● Task requirements: Omitting the pictures, print every line below exactly as it stands.

● Provided material:
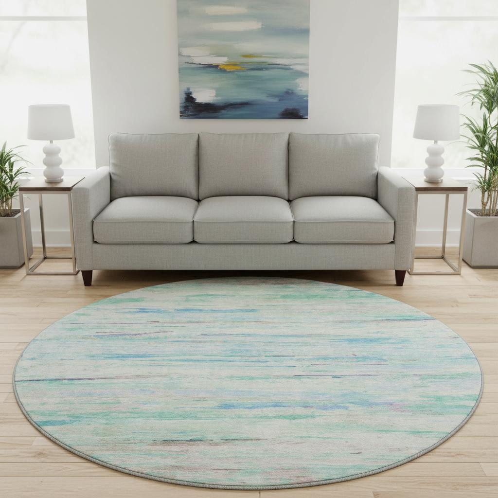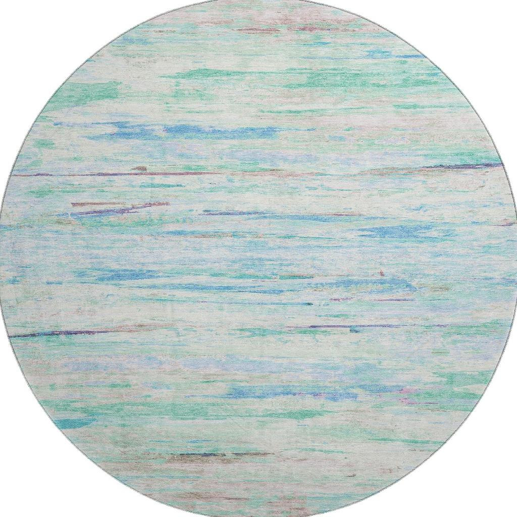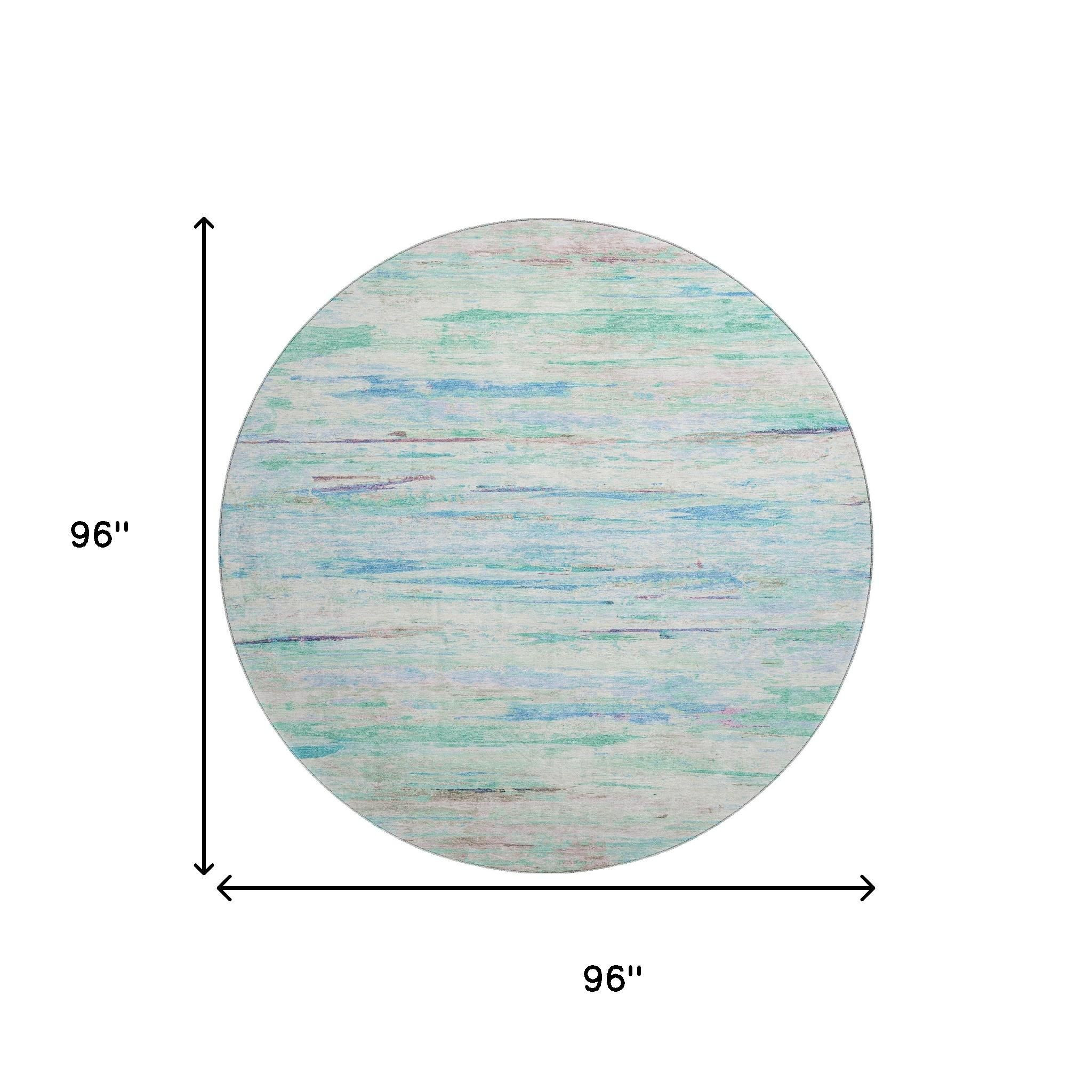 Set an inviting tone in your space with this 8-foot teal and ivory abstract washable round rug with uv protection. Ideal for spaces with kids and pets, this rug is stain resistant to help repel dirt and spilled liquids. Built to last, this rug crafted from polyester fibers is known for its durability and long lasting appeal. Rugs are a great way to showcase your style, hide imperfections, warm your home and reduce noise. This larger sized, transitional styled rug is ready to create a focal point or statement piece in your room. 96.00-inch h x 96.00-inch w x 0.39-inch d.
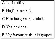 Apples,melons,oranges and bananas are fruits.They are all healthy.We all know them.Some foods are healthy and some are unhealthy.Noodles,rice,beef and pork are healthy,but hamburgers and candy aren't healthy.Milk,water and juice are healthy drinks,but Coke isn't a healthy drink.If you want to be healthy,eat noodles,rice,and some vegetables,like onions,tomatoes,carrots and drink juice,water and milk,not Coke.
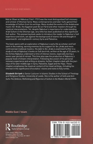 'Abd al-Ghani al-Nabulusi (1641 to1731) was the most outstanding scholarly Sufi of Ottoman Syria. He was regarded as the leading religious poet of his time and as an excellent commentator of classical Sufi texts. At the popular level, he has been read as an interpreter of symbolic dreams. Moreover, he played a crucial role in the transmission of the teachings of the Naqshabandiyya in the Ottoman Empire, and he contributed to the eighteenth-century Sufi revival via his disciples. This pioneering book analyzes important aspects of al-Nabulusi's work and places him in the historical context.
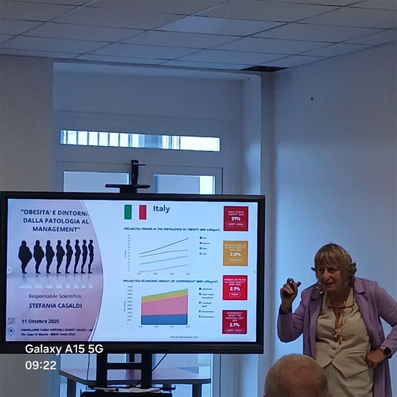 All’interno del’Ospedale Riuniti Anzio - Nettuno, in una sala riunioni gremita di Medici di Famiglia ed Operatori, si è svolto sabato 11 ottobre 2025 il corso “obesità e dintorni: dalla patologia al management” avente come Responsabile Scientifico la Dottoressa Stefania Casaldi che ha aperto i lavori con i saluti di rito oltre a quelli del Direttore Medico dell’Ospedale Riuniti Anzio – Nettuno, Dr. Ciriaco Consolante, e dell’Associazione EpaC – ETS. Sig. Francesco Silvia.

● Task result:
 Set an inviting tone in your space with this 8-foot teal and ivory abstract washable round rug with uv protection. Ideal for spaces with kids and pets, this rug is stain resistant to help repel dirt and spilled liquids. Built to last, this rug crafted from polyester fibers is known for its durability and long lasting appeal. Rugs are a great way to showcase your style, hide imperfections, warm your home and reduce noise. This larger sized, transitional styled rug is ready to create a focal point or statement piece in your room. 96.00-inch h x 96.00-inch w x 0.39-inch d.
 Apples,melons,oranges and bananas are fruits.They are all healthy.We all know them.Some foods are healthy and some are unhealthy.Noodles,rice,beef and pork are healthy,but hamburgers and candy aren't healthy.Milk,water and juice are healthy drinks,but Coke isn't a healthy drink.If you want to be healthy,eat noodles,rice,and some vegetables,like onions,tomatoes,carrots and drink juice,water and milk,not Coke.
 'Abd al-Ghani al-Nabulusi (1641 to1731) was the most outstanding scholarly Sufi of Ottoman Syria. He was regarded as the leading religious poet of his time and as an excellent commentator of classical Sufi texts. At the popular level, he has been read as an interpreter of symbolic dreams. Moreover, he played a crucial role in the transmission of the teachings of the Naqshabandiyya in the Ottoman Empire, and he contributed to the eighteenth-century Sufi revival via his disciples. This pioneering book analyzes important aspects of al-Nabulusi's work and places him in the historical context.
 All’interno del’Ospedale Riuniti Anzio - Nettuno, in una sala riunioni gremita di Medici di Famiglia ed Operatori, si è svolto sabato 11 ottobre 2025 il corso “obesità e dintorni: dalla patologia al management” avente come Responsabile Scientifico la Dottoressa Stefania Casaldi che ha aperto i lavori con i saluti di rito oltre a quelli del Direttore Medico dell’Ospedale Riuniti Anzio – Nettuno, Dr. Ciriaco Consolante, e dell’Associazione EpaC – ETS. Sig. Francesco Silvia.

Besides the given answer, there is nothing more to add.